__Given data__:
──────
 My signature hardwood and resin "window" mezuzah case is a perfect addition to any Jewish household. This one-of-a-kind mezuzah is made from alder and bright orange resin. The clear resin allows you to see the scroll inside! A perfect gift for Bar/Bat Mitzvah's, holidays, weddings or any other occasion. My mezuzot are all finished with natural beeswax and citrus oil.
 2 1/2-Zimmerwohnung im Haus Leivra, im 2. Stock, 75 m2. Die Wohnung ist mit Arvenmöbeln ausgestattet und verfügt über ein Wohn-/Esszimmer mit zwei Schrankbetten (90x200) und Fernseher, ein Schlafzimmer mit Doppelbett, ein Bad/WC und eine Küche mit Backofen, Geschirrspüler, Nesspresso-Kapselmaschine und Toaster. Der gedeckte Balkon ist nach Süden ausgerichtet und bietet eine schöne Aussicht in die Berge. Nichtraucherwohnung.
──────
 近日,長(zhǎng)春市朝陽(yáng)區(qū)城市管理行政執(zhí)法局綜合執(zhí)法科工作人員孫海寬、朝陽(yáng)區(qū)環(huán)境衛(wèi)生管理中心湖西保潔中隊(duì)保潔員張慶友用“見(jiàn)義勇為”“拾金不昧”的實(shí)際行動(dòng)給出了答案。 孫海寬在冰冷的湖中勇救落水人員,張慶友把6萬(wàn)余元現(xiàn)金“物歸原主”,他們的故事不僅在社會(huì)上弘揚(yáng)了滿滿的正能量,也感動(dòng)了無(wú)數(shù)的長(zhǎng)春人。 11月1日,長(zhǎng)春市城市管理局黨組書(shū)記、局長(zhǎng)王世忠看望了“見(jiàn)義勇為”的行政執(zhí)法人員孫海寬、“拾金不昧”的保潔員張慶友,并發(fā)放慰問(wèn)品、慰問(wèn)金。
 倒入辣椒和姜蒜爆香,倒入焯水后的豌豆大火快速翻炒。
──────
__About this task__: For this exercise, repeat exactly the lines of the data above from the one with "My signature hardwood" down to the one with "2 1/2-Zimmerwohnung im", both end lines included.

__Task answer__:
 My signature hardwood and resin "window" mezuzah case is a perfect addition to any Jewish household. This one-of-a-kind mezuzah is made from alder and bright orange resin. The clear resin allows you to see the scroll inside! A perfect gift for Bar/Bat Mitzvah's, holidays, weddings or any other occasion. My mezuzot are all finished with natural beeswax and citrus oil.
 2 1/2-Zimmerwohnung im Haus Leivra, im 2. Stock, 75 m2. Die Wohnung ist mit Arvenmöbeln ausgestattet und verfügt über ein Wohn-/Esszimmer mit zwei Schrankbetten (90x200) und Fernseher, ein Schlafzimmer mit Doppelbett, ein Bad/WC und eine Küche mit Backofen, Geschirrspüler, Nesspresso-Kapselmaschine und Toaster. Der gedeckte Balkon ist nach Süden ausgerichtet und bietet eine schöne Aussicht in die Berge. Nichtraucherwohnung.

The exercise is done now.